In a new paper published last week, Fleming says demand is rising for assets immune to “suppressed interest rates and mounting inflation risks”.
“Confronted with unexpected and potentially persistent inflation for the first time in years, investors are being advised to diversify into real assets,” he says.
But reality-based assets – broadly defined as those “linked to tangible holdings with intrinsic value” – comprise a wide range of, mostly private market investments including land, art, precious metals and commodity futures.
“However, these are prone to speculation and illiquidity,” Fleming says in the paper.
While the majority of real assets trade in opaque private markets, he says a “substantial minority” are now available on public exchanges.

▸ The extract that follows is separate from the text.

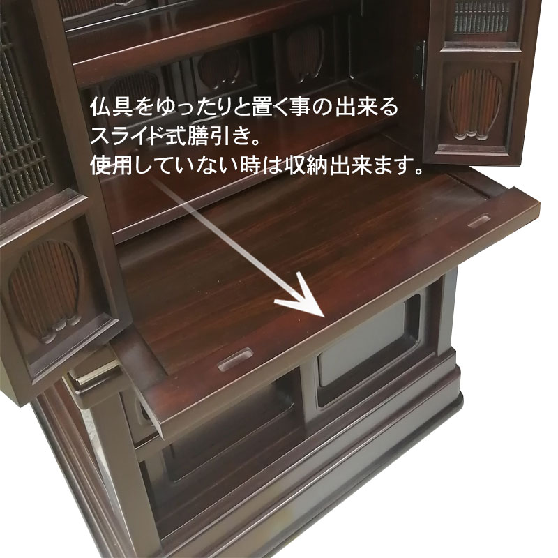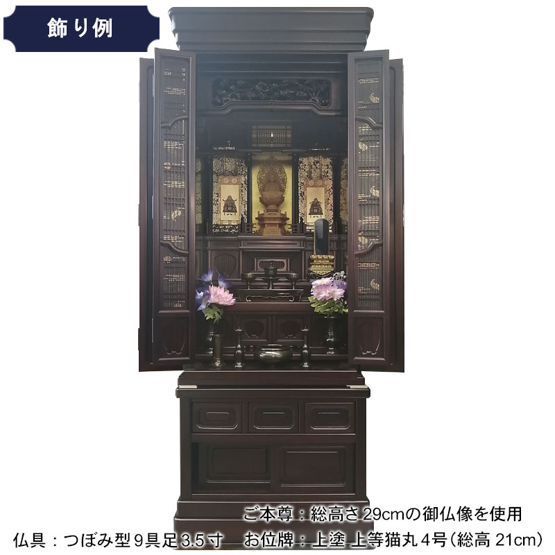 | 商品説明 | 【商品コード:2931】 ◎日本堂オリジナル ■材質詳細 ・笠、台輪/主材料:紫檀板貼り 芯材料:天然木材 ・戸板、扉/主材料:紫檀無垢 芯材料:紫檀無垢 ・大戸軸/主材料:紫檀板貼り 芯材料:天然木材 ・その他/表面仕上げ:ウレタンオープン仕上、生産地:日本 ■宗派 どの宗派でもお使いいただけます。 ■備考 ・商品は手作りの為、一部の色、デザイン、寸法が多少変更になる場合がございます。 高級仏壇産地として有名な徳島県産の唐木仏壇となっております。 内陣は、吊宮殿で柱が無いので仏像もスッキリとお祀りいただけます。 背板は、照明が無くても掛軸や仏像が映えるよう、中央に金紙を施しました。 欄間は、無垢材で東洋画で古代より草木の中の君子と称えられる4種の草木(蘭・竹・菊・梅)が施された四君子彫仕上げになっております。 内障子はスッキリとした組子仕上げとなっています。 引出は高級仏壇の証、桐の落とし付で調湿効果・耐火性に優れ、遺品や念珠・お線香等の保管に最適な仕上げになっております。 |

“The judicious deployment of listed real assets in a portfolio, by contrast, can introduce inflation-proofing without multiplying such [private market] risks,” Fleming says.
Listed and real can clearly live together: note the rise of listed real estate investment trust (REITs) both in NZ and offshore over the last few decades.

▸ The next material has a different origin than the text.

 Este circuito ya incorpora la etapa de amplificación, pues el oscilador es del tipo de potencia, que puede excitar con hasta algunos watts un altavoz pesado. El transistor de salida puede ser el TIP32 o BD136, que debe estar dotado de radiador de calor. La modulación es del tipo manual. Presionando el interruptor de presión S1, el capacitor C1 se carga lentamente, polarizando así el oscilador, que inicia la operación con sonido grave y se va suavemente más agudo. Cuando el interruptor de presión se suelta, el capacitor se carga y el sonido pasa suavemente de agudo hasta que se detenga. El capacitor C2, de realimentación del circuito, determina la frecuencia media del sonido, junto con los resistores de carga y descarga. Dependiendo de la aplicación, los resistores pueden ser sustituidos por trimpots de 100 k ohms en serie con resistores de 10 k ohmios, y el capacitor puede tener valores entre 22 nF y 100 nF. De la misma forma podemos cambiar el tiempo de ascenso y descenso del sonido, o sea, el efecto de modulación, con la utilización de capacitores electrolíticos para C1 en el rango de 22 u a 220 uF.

If REITs have shown the way, global listed infrastructure is following not too far behind.
“Listed infrastructure as an asset class is in a similar position to REITs 20 years ago,” Fleming says.
Still a relatively young asset class, listed infrastructure features “slightly different performance drivers and sensitivities” than property, the Salt paper says, while both share “generally superior dividend yields”.

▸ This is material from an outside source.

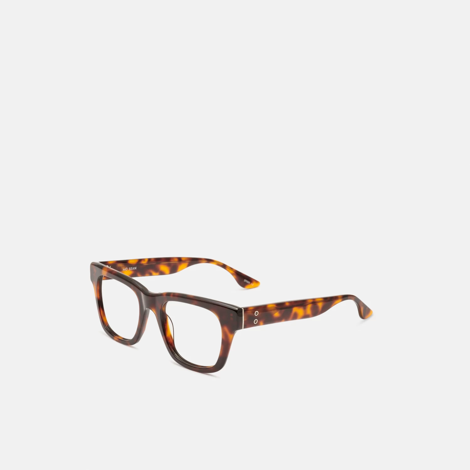 El modelo de gafas Sean pertenece a la colección cápsula MÓ FRONT ROW, es para hombre, están diseñadas en acetato carey, con silueta cuadrada.

Infrastructure, though, offers some unique features – such as inflation-linked revenue sourced from ‘wide moat’ regulated businesses – that “are becoming attractive for investors reacting rationally to low bond yields and leery of the riskier, momentum-driven elements in equity markets”.
“It is emerging that well-chosen infrastructure assets are very well adapted to a prolonged period of low real (inflation-adjusted) interest rates, and while the associated investment securities are not likely to beat the broader market over years during a sustained bull market, they can prevail in the longer run, due to lower overall loss of value, continued dividend streams, and the consequent benefit to compounding investment returns,” Fleming says in the paper.
While listed infrastructure can lag wider equity markets – as it has this year – the study says historical data shows the asset class has outperformed both shares and bonds “when inflation is high, when it is rising, and when it surprises on the upside”.
Last week Salt officially opened its new global listed infrastructure to tap into the increasing investor demand and opportunities in the asset class.
The portfolio investment entity (PIE) Salt Sustainable Global Infrastructure Fund, managed by US-based real assets specialist, Cohen & Steers, kicked off with about $10 million from seed clients.
Fleming says the fund currently holds about 60 stocks out of the investable universe of 245 – held in the FTSE global infrastructure 50/50 index.
As per the name, the new Salt strategy also leans to infrastructure assets poised to benefit from the energy ‘transition’ away from fossil fuels.
“Our own approach is to guide the Infrastructure portfolio in the direction of pro-transition utilities, as well as applying rigorous scrutiny to improvements in the transportation sector, which is the other large component of our fund’s benchmark index and actual portfolio structure,” the paper says.
Fleming says listed infrastructure has a place in both growth and income portfolios – Salt includes the new fund in its diversified strategies – but investors should set allocations for a, realistic, long-term horizon.